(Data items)
- - -
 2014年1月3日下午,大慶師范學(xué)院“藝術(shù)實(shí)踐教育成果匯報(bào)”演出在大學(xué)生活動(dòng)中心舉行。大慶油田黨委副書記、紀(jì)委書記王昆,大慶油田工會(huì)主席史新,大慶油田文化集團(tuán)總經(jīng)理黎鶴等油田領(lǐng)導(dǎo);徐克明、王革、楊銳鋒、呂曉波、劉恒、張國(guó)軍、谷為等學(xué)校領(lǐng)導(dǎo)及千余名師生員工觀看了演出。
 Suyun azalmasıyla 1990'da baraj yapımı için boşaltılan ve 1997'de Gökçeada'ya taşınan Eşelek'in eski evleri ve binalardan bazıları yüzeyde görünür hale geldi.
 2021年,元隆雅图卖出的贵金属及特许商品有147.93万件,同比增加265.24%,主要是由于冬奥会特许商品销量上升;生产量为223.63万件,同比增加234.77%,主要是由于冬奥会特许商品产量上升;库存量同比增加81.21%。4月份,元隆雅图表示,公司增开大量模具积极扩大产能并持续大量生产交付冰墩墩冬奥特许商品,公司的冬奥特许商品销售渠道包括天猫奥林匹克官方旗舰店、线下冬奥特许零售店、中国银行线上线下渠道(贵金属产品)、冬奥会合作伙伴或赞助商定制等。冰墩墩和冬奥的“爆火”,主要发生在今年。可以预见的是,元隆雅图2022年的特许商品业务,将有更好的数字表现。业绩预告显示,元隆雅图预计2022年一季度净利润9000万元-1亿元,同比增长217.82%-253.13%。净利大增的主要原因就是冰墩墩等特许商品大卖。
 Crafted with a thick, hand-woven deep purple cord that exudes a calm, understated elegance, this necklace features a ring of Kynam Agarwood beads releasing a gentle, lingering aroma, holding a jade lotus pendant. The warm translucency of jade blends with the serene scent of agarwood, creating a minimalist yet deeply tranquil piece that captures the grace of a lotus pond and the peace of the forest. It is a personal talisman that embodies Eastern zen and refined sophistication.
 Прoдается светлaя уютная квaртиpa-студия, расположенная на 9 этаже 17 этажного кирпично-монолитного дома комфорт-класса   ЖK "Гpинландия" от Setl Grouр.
- - -
* _Action item_
Beginning with the top line of the data above, output every line exactly until the one that contains "Suyun azalmasıyla 1990'da", and include that one too.

* _Written solution_
 2014年1月3日下午,大慶師范學(xué)院“藝術(shù)實(shí)踐教育成果匯報(bào)”演出在大學(xué)生活動(dòng)中心舉行。大慶油田黨委副書記、紀(jì)委書記王昆,大慶油田工會(huì)主席史新,大慶油田文化集團(tuán)總經(jīng)理黎鶴等油田領(lǐng)導(dǎo);徐克明、王革、楊銳鋒、呂曉波、劉恒、張國(guó)軍、谷為等學(xué)校領(lǐng)導(dǎo)及千余名師生員工觀看了演出。
 Suyun azalmasıyla 1990'da baraj yapımı için boşaltılan ve 1997'de Gökçeada'ya taşınan Eşelek'in eski evleri ve binalardan bazıları yüzeyde görünür hale geldi.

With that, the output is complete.